Enseignante au lycée, il m’est arrivé maintes fois d’être la confidente d’élèves en situation difficile. Maman de trois garçons, j’ai souvent plus échangé avec mes élèves qu’avec mes propres fils sur ces questions intimes. La distance donnée par la fonction et la responsabilité assumée d’éducatrice m’ont permis d’aider des élèves en les orientant vers les professionnels susceptibles d’apporter des réponses.

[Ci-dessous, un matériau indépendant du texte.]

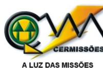
CERMISSÕES – Caibaté –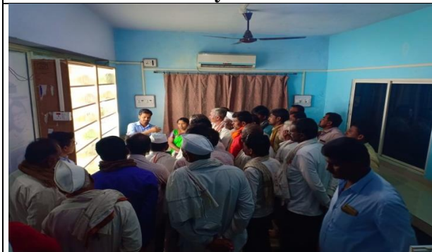
Visit at Tissue Culture Lab by Farmers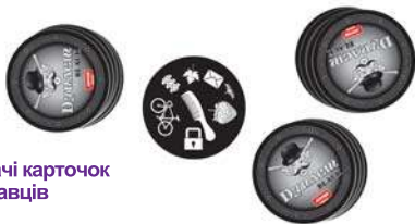
Приклад роздачі карточок на 3-х гравців

Підготовка до гри. Ретельно перетасуйте колоду карт. Почніть роздачу усіх карток між гравцями (по одній) сорочкою вгору, починаючи з найстаршого учасника. Останню карточку покладіть посеред столу у відкриту.

Écouter ne veut pas dire cautionner, ni prendre en charge, c’est juste accepter d’être un maillon du tissu social. Cela donne du sens à ma mission dans l’Éducation nationale tout autant que d’enseigner les mathématiques, parce que sans cette écoute, l’enfant ne peut pas s’autoriser à apprendre. Mais pour écouter, il faut beaucoup d’empathie et de bienveillance, ne pas avoir peur, ne pas interpréter, ne pas juger mais essayer de comprendre. Cela nécessite une formation, des compétences psychosociales, une très bonne connaissance des institutions, des lois, des cadres. Sans cela, les risques sont grands aussi bien pour soi que pour l’autre.

Ce que cette expérience m’a enseigné, c’est l’importance de ne pas juger les parents et l’importance de l’empathie.